▶ _Problem statement_: Exactly the lines from the one containing "Ensure efficient communication" through the one containing "Teleszkópos húzószerkezettel ellátott" in the listing below are to be copied, with the pictures left out.

[Information]

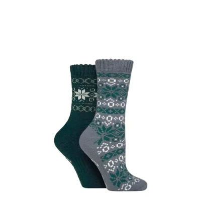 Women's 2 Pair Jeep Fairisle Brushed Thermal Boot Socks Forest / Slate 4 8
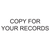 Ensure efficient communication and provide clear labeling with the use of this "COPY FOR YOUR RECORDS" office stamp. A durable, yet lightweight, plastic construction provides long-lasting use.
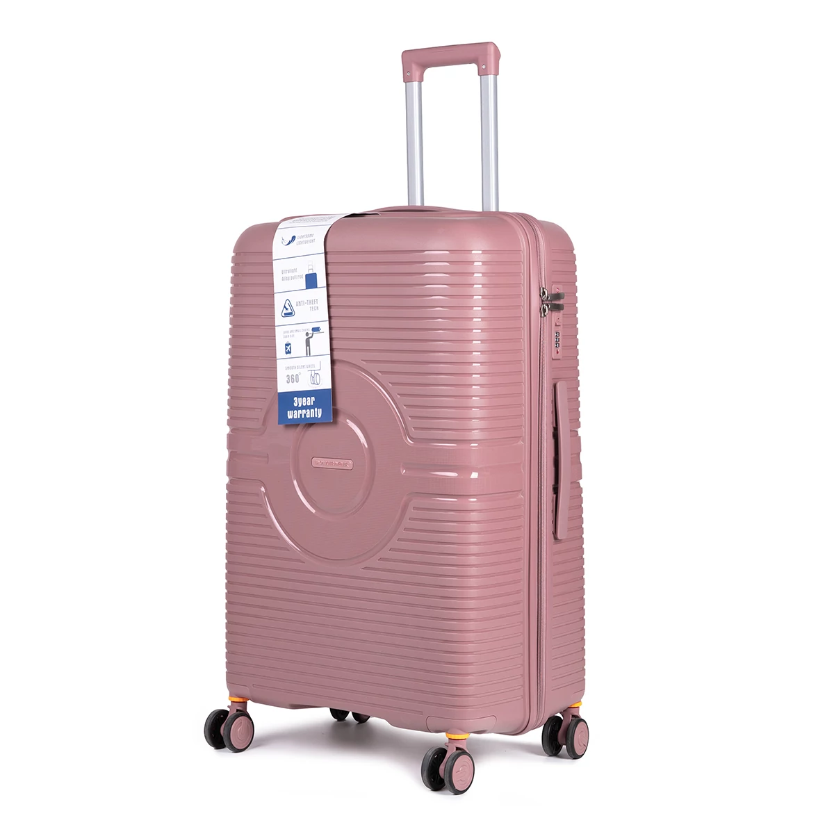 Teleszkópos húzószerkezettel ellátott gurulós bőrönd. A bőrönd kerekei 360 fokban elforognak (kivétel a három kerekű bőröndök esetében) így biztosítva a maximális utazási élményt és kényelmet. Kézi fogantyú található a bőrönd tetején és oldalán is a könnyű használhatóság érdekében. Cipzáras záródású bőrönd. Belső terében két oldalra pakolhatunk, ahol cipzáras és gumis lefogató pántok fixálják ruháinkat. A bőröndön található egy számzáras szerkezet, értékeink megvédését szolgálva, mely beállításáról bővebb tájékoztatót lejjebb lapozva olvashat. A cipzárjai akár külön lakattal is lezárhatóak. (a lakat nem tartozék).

[/Information]
[Information]

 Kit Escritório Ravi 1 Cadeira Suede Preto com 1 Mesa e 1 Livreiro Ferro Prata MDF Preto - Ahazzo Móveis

[/Information]

▶ _Output of the exercise_:
 Ensure efficient communication and provide clear labeling with the use of this "COPY FOR YOUR RECORDS" office stamp. A durable, yet lightweight, plastic construction provides long-lasting use.
 Teleszkópos húzószerkezettel ellátott gurulós bőrönd. A bőrönd kerekei 360 fokban elforognak (kivétel a három kerekű bőröndök esetében) így biztosítva a maximális utazási élményt és kényelmet. Kézi fogantyú található a bőrönd tetején és oldalán is a könnyű használhatóság érdekében. Cipzáras záródású bőrönd. Belső terében két oldalra pakolhatunk, ahol cipzáras és gumis lefogató pántok fixálják ruháinkat. A bőröndön található egy számzáras szerkezet, értékeink megvédését szolgálva, mely beállításáról bővebb tájékoztatót lejjebb lapozva olvashat. A cipzárjai akár külön lakattal is lezárhatóak. (a lakat nem tartozék).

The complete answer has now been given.